Commercial recommenders are trained on huge datasets, often several hundreds of terabytes in size. At this scale, data preprocessing steps often take much more time than training recommender machine learning models. NVTabular - a core component of Merlin - is a feature engineering and preprocessing library designed to effectively manipulate terabytes of recommender system datasets and significantly reduce data preparation time.

In this repo we demonstrate how to operationalize NVTabular data preprocessing workflows using Vertex AI Pipelines and multi-GPU processing nodes. The repo includes two samples of reusable and customizable data preprocessing pipelines developed using Kubeflow Pipelines SDK and Google Cloud pipeline components.

The first pipeline demonstrates how to process large CSV datasets managed in Google Cloud Storage. The second pipeline digests source data from Google BigQuery

Training large-scale deep learning recommender models

NVIDIA HugeCTR is NVIDIA's GPU-accelerated, highly scalable recommender framework. NVIDIA HugeCTR facilitates implementations of leading deep learning recommender models such as Google's Wide and Deep and, Facebook's DLRM.

The repo includes an example of how to operationalize training and hypertuning of the HugeCTR implementation of the DeepFM model using Vertex AI Training and massively scalable A2 workers.

Deploying and serving deep learning ranking inference pipelines

NVIDIA Triton Inference Server is a cloud and edge inferencing solution optimized for both CPUs and GPUs. Triton supports ensemble models that can be used to implement multi-step inference pipelines.

The repo includes a sample that demonstrates how to create, deploy, and serve a Triton ensemble model using Vertex AI Prediction. The example ensemble implements an inference pipeline that integrates NVTabular data preprocessing workflow with a HugeCTR deep learning model.

End to end MLOps workflow

Design patterns and best practices outlined in the previous sections come together in the last component of the solution - a reference implementation the machine learning pipeline that integrates data preprocessing, training, and deployment into a unified end to end workflow.

Experimentation and development environment

A flexible and powerful experimentation and development environment is critical in recommender system projects. In the environment setup section of this repo we outline steps to configure the environment depicted on the below figure.

NVIDIA Merlin dev

The environment is based on Vertex AI Workbench. Container images based on NVIDIA NGC Merlin training and Merlin inference images are installed as managed notebooks kernels augmenting the standard features of a managed notebook instance that include UI and programmatic interfaces to Google Cloud services.

Repository structure

The core content of the repository comprises a series of Jupyter notebooks and a set of Python modules. The notebooks compile detailed guidance on implementing the solution's components described at a high level in the previous section. The Python modules encapsulate reusable code components that are used in the notebooks and in Vertex AI jobs and pipelines.

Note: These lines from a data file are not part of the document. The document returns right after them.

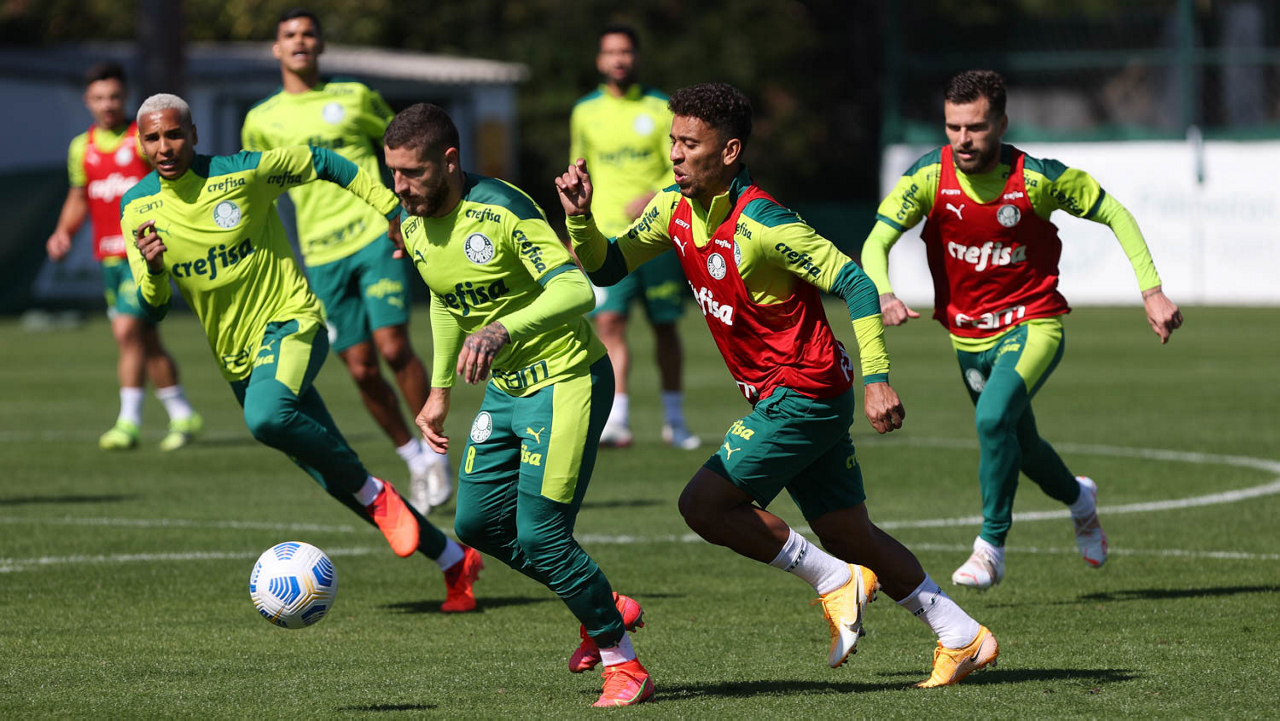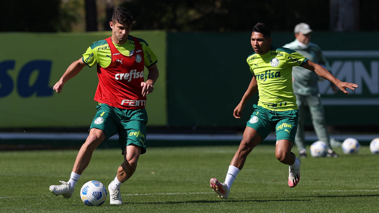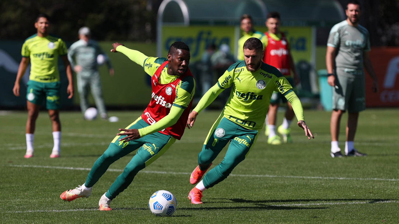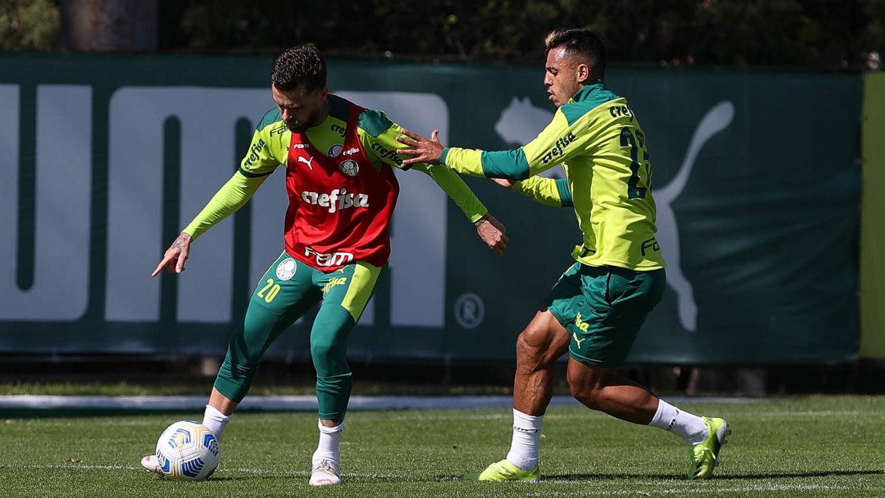 Os jogadores Lucas Lima e Gabriel Menino (D), da SE Palmeiras, durante treinamento, na Academia de Futebol. (Foto: Cesar Greco)
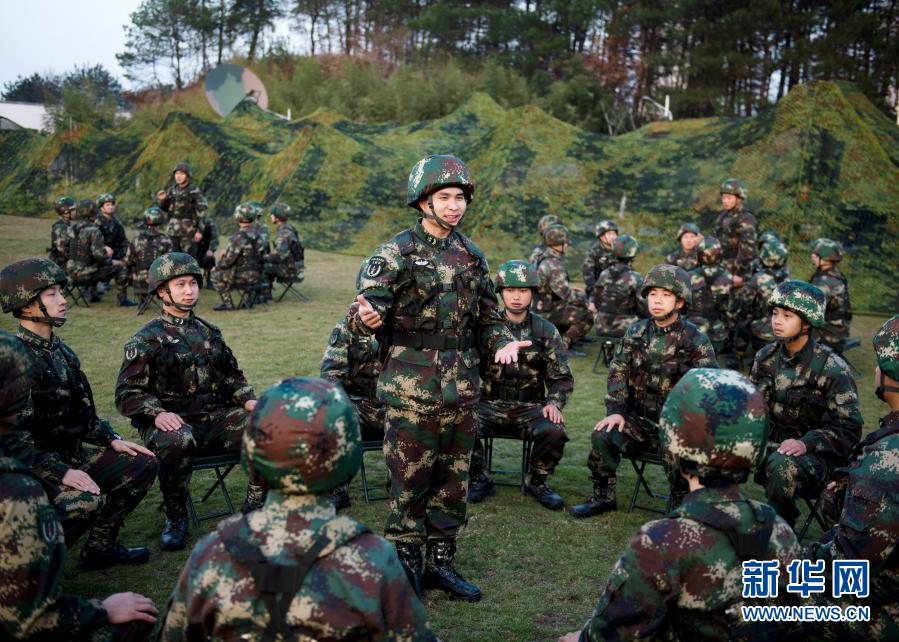 演訓(xùn)間隙,俞細(xì)文在野外訓(xùn)練場組織理論宣講(12月11日攝)。新華社發(fā)(劉明松 攝)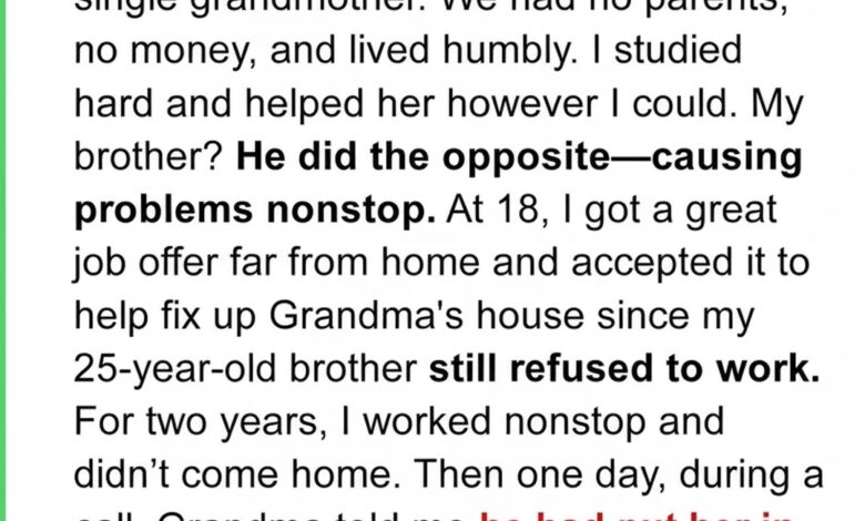 Raised by our single grandmother—no parents, no money—I studied hard and helped however I could. My older brother did the opposite: endless trouble. At 18, a great job offer came from far away. I took it to fix Grandma’s house, since 25-year-old brother still refused to work.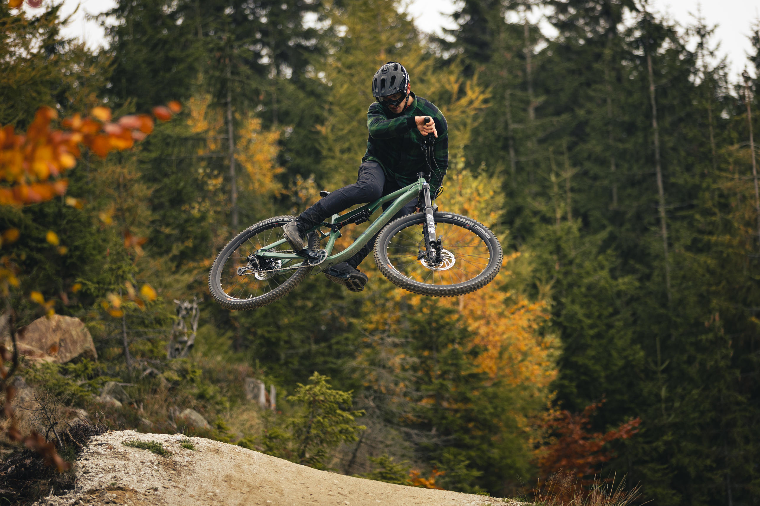 Ne každý polet je vždycky s čistým dopadem. Odolné enduro ráfky Rodi Tryp 30 ale zvládnou hrubší zacházení a sem tam nějakou hranu na doskoku odpustí. Pro ještě větší zábavu na trailech jsou obuté do kvalitních plášťů Schwalbe Tough Tom.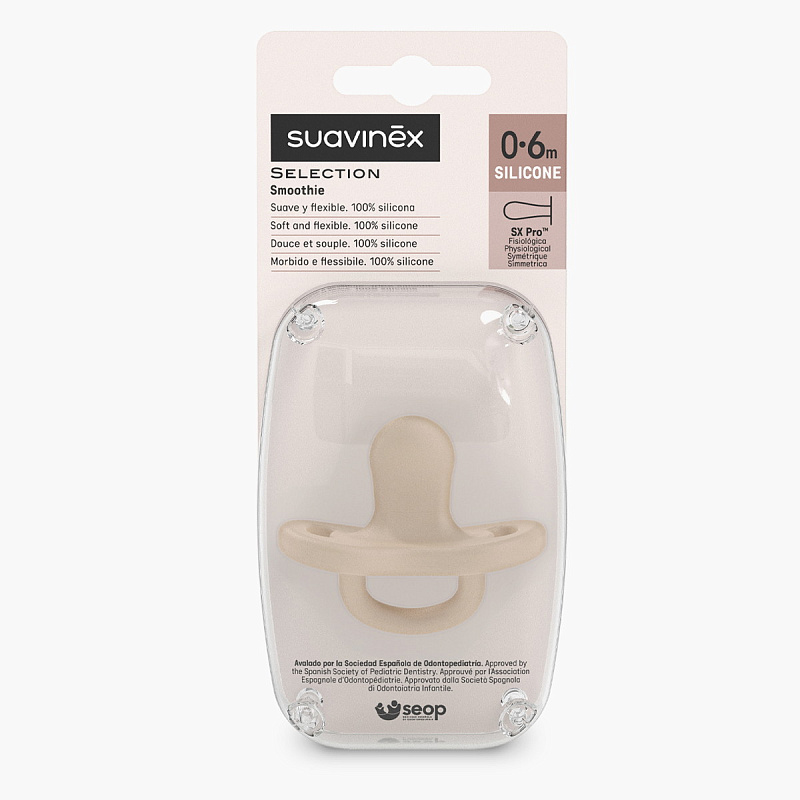 Физиологическая детская пустышка Suavinex Colour Essence SX PRO имеет особую конструкцию. Она располагается во рту ребенка таким образом, чтобы не препятствовать развитию естественного правильного прикуса. По бокам корпуса пустышки расположены вентиляционные отверстия, обеспечивающие хорошую циркуляцию воздуха. Это предотвращает раздражение нежной кожи малыша в области рта. Сверхмягкий силикон имитирует форму материнского соска, создавая у ребенка комфортные ощущения в процессе сосания. За счет пескоструйной обработки силикон надежно защищен от прилипания пыли и ворса.

Currently, the repo includes the following notebooks:

  1. 00-dataset-management - describes and explores the Criteo dataset, and loads it to BigQuery.
  2. 01-dataset-preprocessing - guidance for large scaled data preprocessing with NVTabular and Vertex Pipelines
  3. 02-model-training-hugectr - guidance for training HugeCTR models with Vertex Training.
  4. 03-model-inference-hugectr - guidance for deploying Trition ensemble models with Vertex Prediction
  5. 04-e2e-pipeline - guidance for building an end-to-end data preprocessing, training, and deployment pipeline

The Python modules are in the src folder:

  • src/pipelines - pipeline and pipeline components definitions
  • src/preprocessing - data preprocessing utility functions and classes
  • src/serving - deployment and serving utility functions and classes
  • src/training - model definitions and training loops

The src folder also includes Dockerfiles for custom container images used by Vertex Pipelines, Vertex Training, and Vertex Prediction. Refer to the notebooks for more detailed information.

Environment setup

This section outlines the steps to configure a GCP environment required to run the code samples in this repo.

Select a Google Cloud project

In the Google CLoud Console, on the project selector page, select or create a Google Cloud project.

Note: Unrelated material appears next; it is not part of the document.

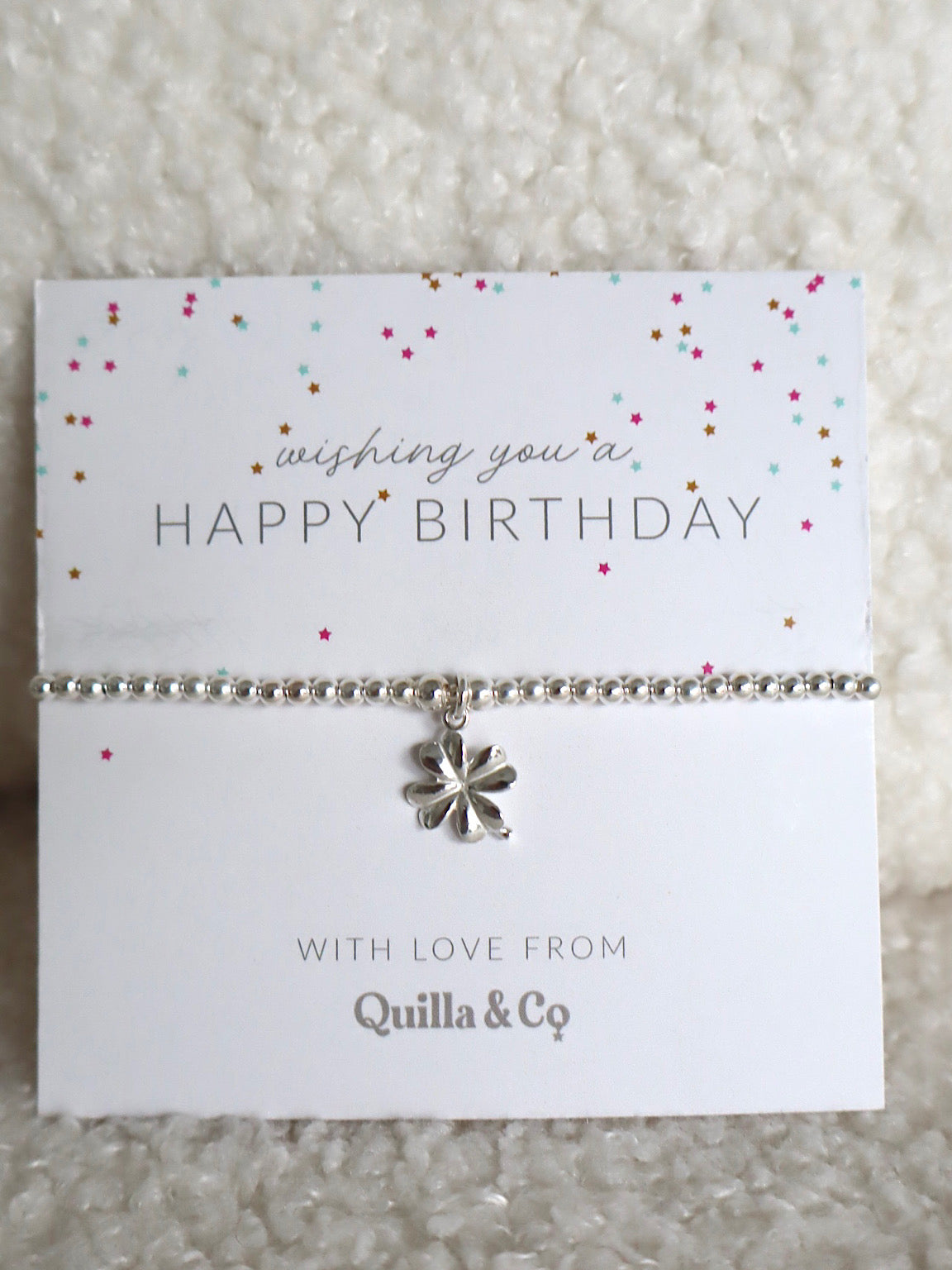 This handmade Lucky Charm Bracelet features a sterling silver clover charm, adding a touch of luck to your everyday wear. With its intricate design and high-quality materials, this bracelet is a perfect addition to any jewellery collection or a perfect gift for that someone special. Elevate your style with this unique and charming accessory.

Enable the required services

From Cloud Shell, run the following gcloud command to enable the required Cloud APIs:

PROJECT_ID=<YOUR PROJECT ID>
gcloud services enable \
    aiplatform.googleapis.com         \
    bigquery.googleapis.com           \
    bigquerystorage.googleapis.com    \
    cloudapis.googleapis.com          \
    cloudbuild.googleapis.com         \
    compute.googleapis.com            \
    containerregistry.googleapis.com  \
    notebooks.googleapis.com          \
    storage.googleapis.com            \
    --project=${PROJECT_ID}

Creating a staging GCS bucket

The notebooks in the repo require access to a GCS bucket that is used for staging and managing ML artifacts created by the workflows implemented in the notebooks. The bucket should be in the same GCP region as the region you will use to run Vertex AI jobs and pipelines.

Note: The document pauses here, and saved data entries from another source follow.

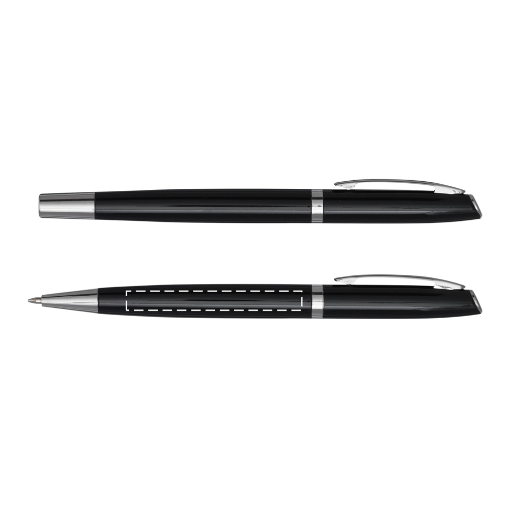 Pennenset ALPHABET bestaande uit een zwartschrijvende balpen en rollerball. Samen verpakt in een geschenkbox.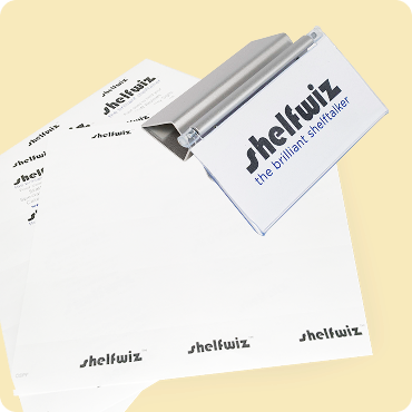Shelf talkers that fit into Shelfwiz clips can be printed on your computer’s printer using the templates on our Templates Page. Each dozen shelf clips that you order come with six perforated sheets to print on that match the size of your Shelfwiz. You can order more perforated sheets here. Ordinary paper can also be used, but you will have to cut out the shelf talkers yourself.
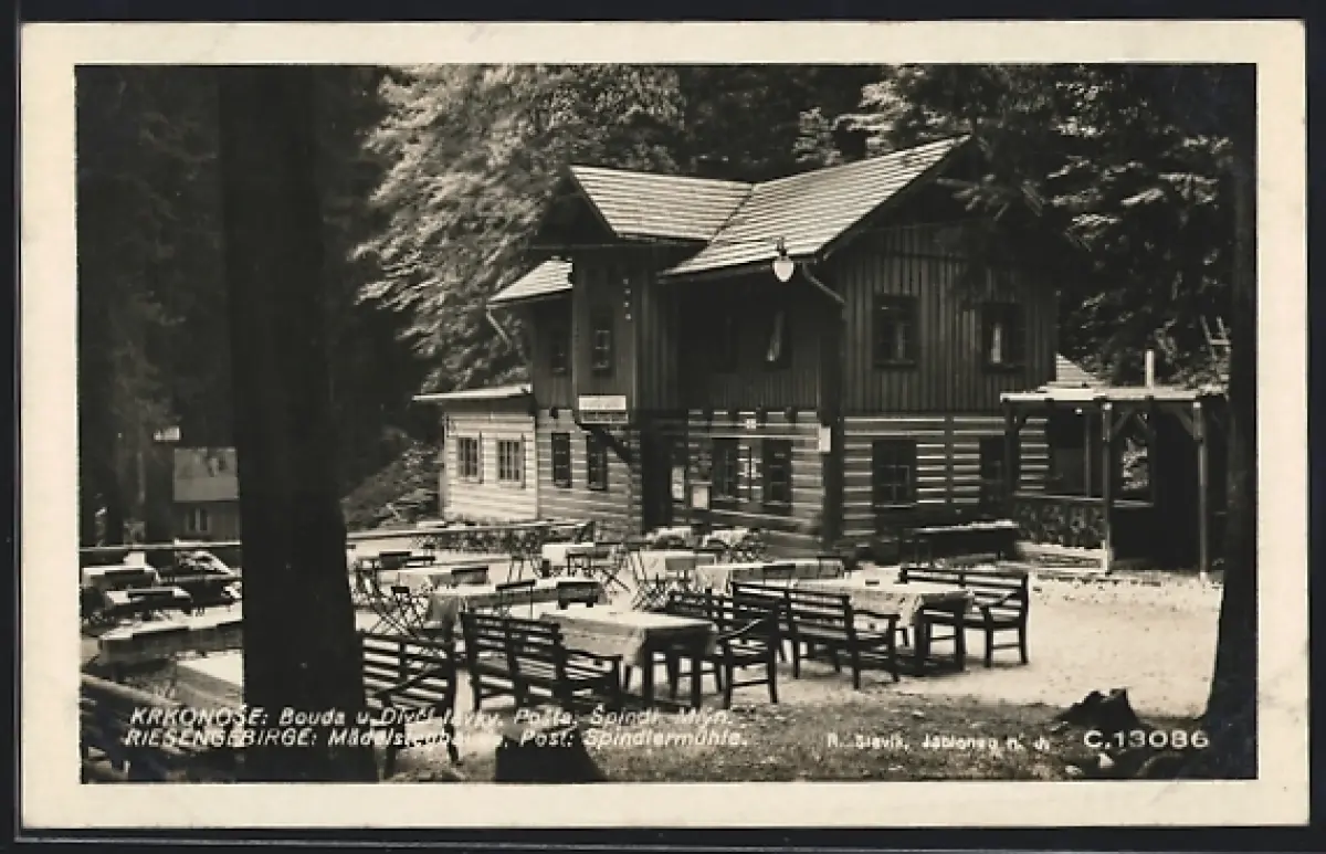 AK Spindlermühle /Riesengebirge, Mädelstegbaude mit Garten

From Cloud Shell, run the following command to create the bucket:

REGION=<YOUR REGION>
BUCKET_NAME=<YOUR BUCKET_NAME>

gsutil mb -l $REGION gs://$BUCKET_NAME

Building Merlin development container image

To run the notebooks in this repo you will use a custom container image that will be configured as a Vertex AI Workbench managed notebooks kernel. The image is a based on the NVIDIA NGC Merlin training image augmented with additional packages required to interface with Vertex AI.

From Cloud Shell, run the following command to create the container image:

  1. Get Dockerfile for the Merlin development image:
SRC_REPO=https://github.com/GoogleCloudPlatform/merlin-on-vertex
LOCAL_DIR=merlin-env-setup
kpt pkg get $SRC_REPO/env@main $LOCAL_DIR
cd $LOCAL_DIR
  1. Build and push the development image
PROJECT_ID=merlin-on-vertex # change to your project id.
IMAGE_URI=gcr.io/${PROJECT_ID}/merlin-dev-vertex
gcloud builds submit --timeout "2h" --tag ${IMAGE_URI} . --machine-type=e2-highcpu-8

Creating and configuring an instance of Vertex Workbench managed notebook

This section provides step for provisioning a Vertex AI Workbench managed notebook and configuring a custom kernel based on the image created in the previous step.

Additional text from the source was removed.